A much wider constituency is now engaged
with all the complexity that this brings in terms of
new possibilities and public expectations.
These
are significant changes. We should give credit to those
who have helped to bring them about.
In
the last twelve months, we have witnessed an
unprecedented effort, driven by committed people in
governments, non-governmental organizations, activist
groups, UN agencies, bilaterals, different branches of
the pharmaceutical industry, and the media. Together we
have begun to tackle the obstacles that are preventing
essential drugs from reaching the millions who need them.
Popular outrage, political will, market forces and the
best of science: a powerful coalition. There are things
we can rightfully celebrate.
But
let us pause. The excitement of the campaign and the
growing attention of the international media must not
divert us from basic realities. For
too many of the worlds poor people
those with an income of one or two dollars a day
nothing very much has changed at all. The
onset of serious illness in the family too often leads
inexorably to death, disability and impoverishment.
In
over 30 countries public spending on medicines is
less than two dollars per capita per year.

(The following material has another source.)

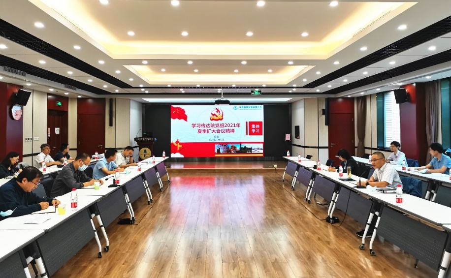 2021年9月6日,赢乐welcome党委在DSP楼四层多功能厅召开2021年第六次理论学习中心组(扩大)学习会,深入学习贯彻中科院党组2021年夏季扩大会议精神,围绕牢记“国家队”“国家人”的职责和使命、领会“国家事”“国家责”的内涵和要求等进行专题研讨。所领导班子成员、党委委员、四级职员、机关职能部门负责人、党总支(支部)书记等近30人参加会议。党委书记倪宏主持会议。

I recently heard the Minister of Health from
Malawi, describing how changes in the value of the
local currency had reduced planned government
spending on drugs this year from $1.25 to just 75
cents per head.
Inevitably,
in such circumstances, the cost of care falls to the
individual and the family. Few poor people have
access to health insurance. They have to pay for
drugs when they get sick. Out-of-pocket
payments a large proportion of which go on
medicines constitute up to 90% of total health
spending in some poor countries. No matter what the
time of year, no matter what the state of family
finances, the situation for many is stark: no cash,
no cure.
Access
to care is not just about access to drugs. It is
about access
to effective health systems. Safe and reliable
care requires trained staff who receive their
salaries on time and who stay in post. It requires
supplies, buildings, information systems,
supervisors. All this and more is needed for the safe
diagnosis and treatment of childhood pneumonia
let alone more complex problems like the management
of multi-drug resistant TB or HIV. We will hear in
this meeting about huge differences in access to
health services that exist between and within
countries.
A
substantial increase in development assistance can
make a difference. The OECD estimates that total
Official Development Assistance for health for
all purposes, for all countries, from all sources,
loans and grants is currently about $3.5
billion a year. We now suspect that this estimate
might be a little low. But just to treat one million
people with AIDS in Africa, with the prices now on
offer, would require that the $3.5 billion be
increased, almost immediately, by one third.
This
then is the background against which we must frame our
discussions and measure our progress. Drug prices are
critically important. New financing even more so. But we
must never forget that some of the most basic problems of
development are not going to be amenable to quick-fix
solutions.
Ladies
and Gentlemen,
Let
me turn now to meeting itself. We
have a unique opportunity over the next three days.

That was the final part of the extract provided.